** Information shown **

##############################

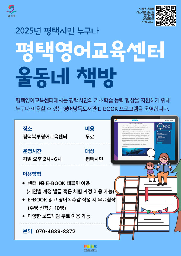 (뉴스코리아=평택) 김성덕 기자 = 평택시 국제교류재단 평택영어교육센터가 시민들의 영어 학습 기회를 확대하고 기초학습 능력 향상을 지원하기 위해 ‘울동네 책방’ 프로그램을 3월부터 12월까지 운영한다. 본 사업은 영어 독서를 보다 쉽고 친숙하게 접할 수 있도록 전자책(E-BOOK)을 활용한 영어낭독도서관 형태로 운영된다.
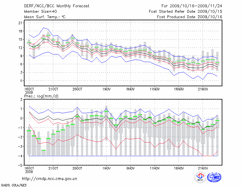 西 安 (LAT:34.30 LON:108.93) 2009-10-16        预测
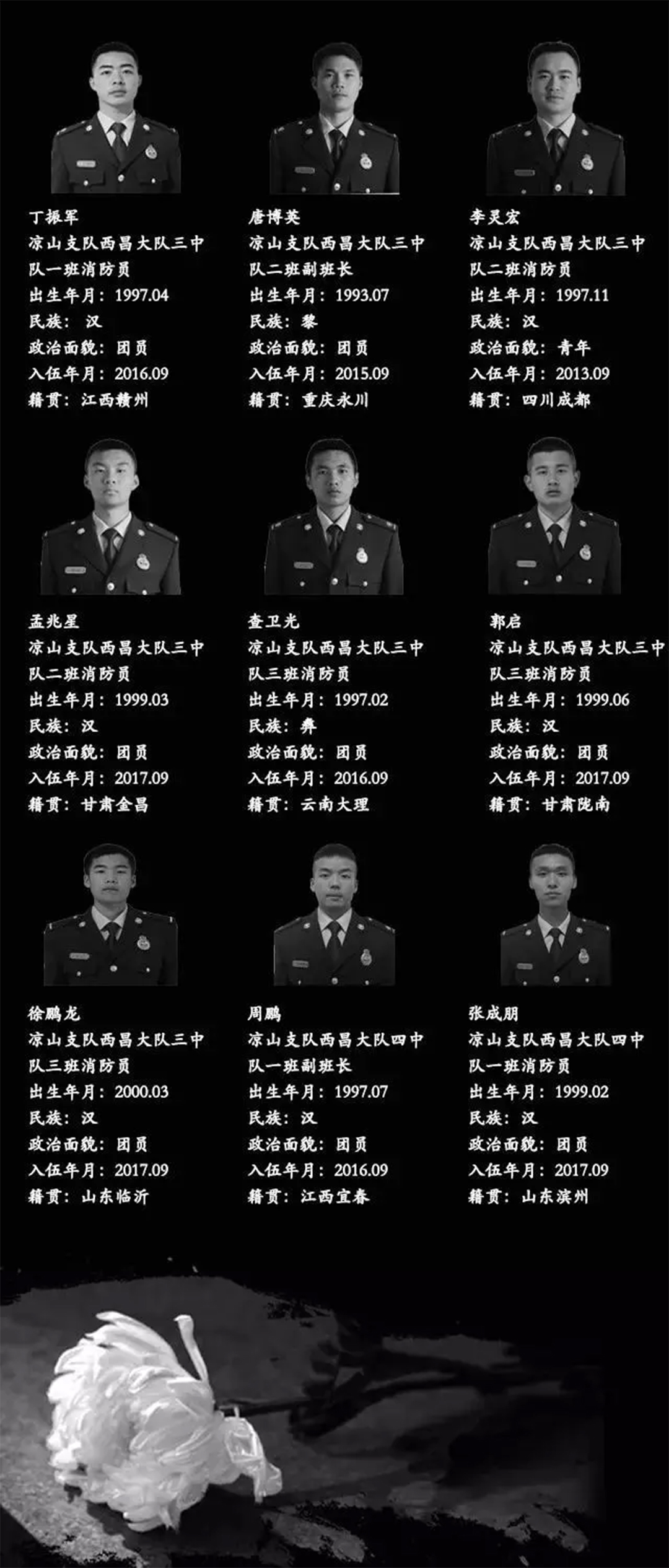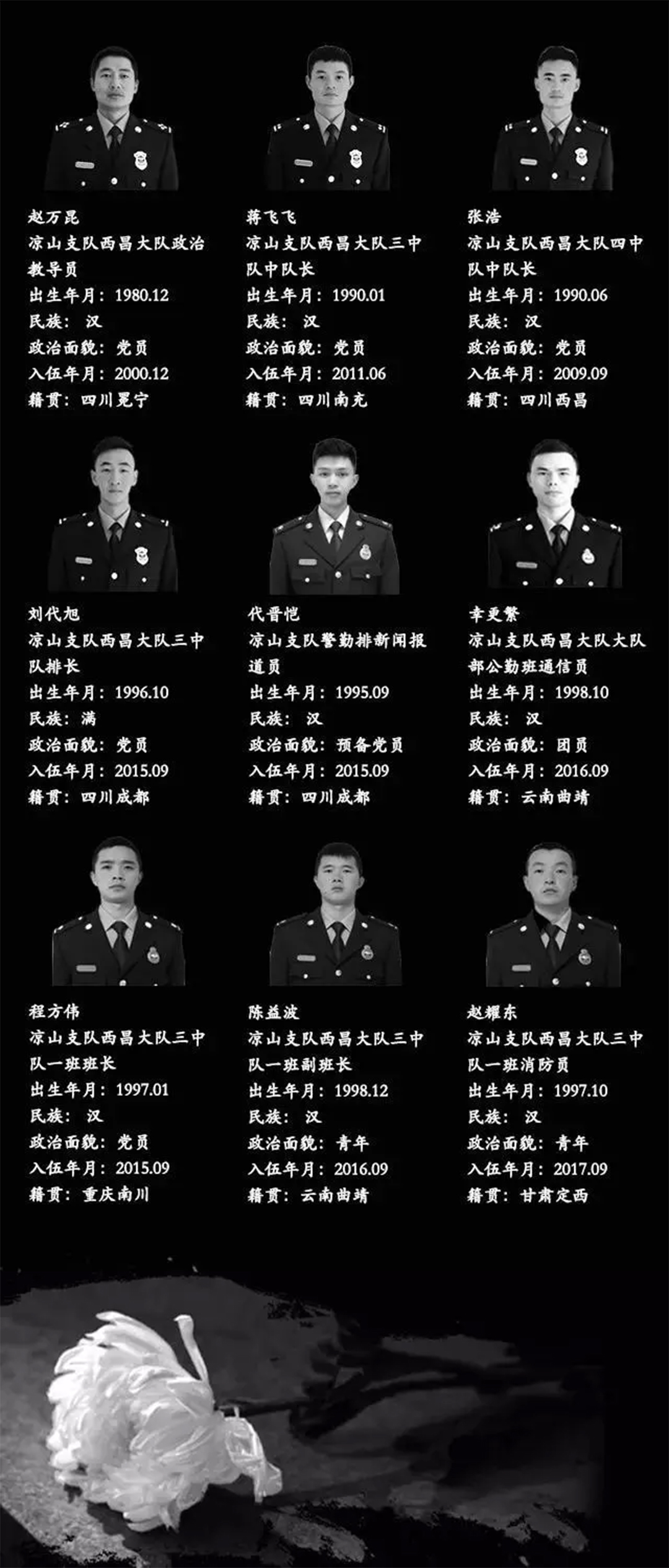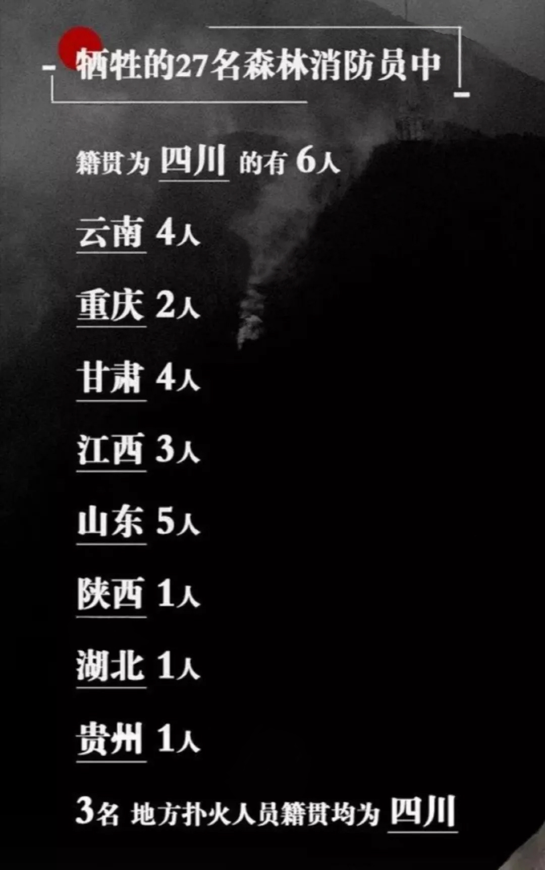 這是一場慘烈的“斗爭”,為了拯救人民財(cái)產(chǎn)、動(dòng)植物等的犧牲,這是一份沉重的名單,經(jīng)統(tǒng)計(jì)核實(shí),有27名同志系涼山州森林消防支隊(duì)指戰(zhàn)員。27人中有干部4人、消防員23人。漢族22人、滿族1人、黎族1人、彝族2人、畬族1人。1980年后出生1人,1990年后出生24人,2000年后出生2人,年齡最小為2000年7月出生。中共黨員9人(含預(yù)備黨員1人),共青團(tuán)員11人,青年7人。

##############################

** Your goal **
Copy exactly, please, every line from the one holding "西 安 (LAT:34.30" through the last line of the data, both ends included, and no pictures.

** Exercise solution **
 西 安 (LAT:34.30 LON:108.93) 2009-10-16        预测
 這是一場慘烈的“斗爭”,為了拯救人民財(cái)產(chǎn)、動(dòng)植物等的犧牲,這是一份沉重的名單,經(jīng)統(tǒng)計(jì)核實(shí),有27名同志系涼山州森林消防支隊(duì)指戰(zhàn)員。27人中有干部4人、消防員23人。漢族22人、滿族1人、黎族1人、彝族2人、畬族1人。1980年后出生1人,1990年后出生24人,2000年后出生2人,年齡最小為2000年7月出生。中共黨員9人(含預(yù)備黨員1人),共青團(tuán)員11人,青年7人。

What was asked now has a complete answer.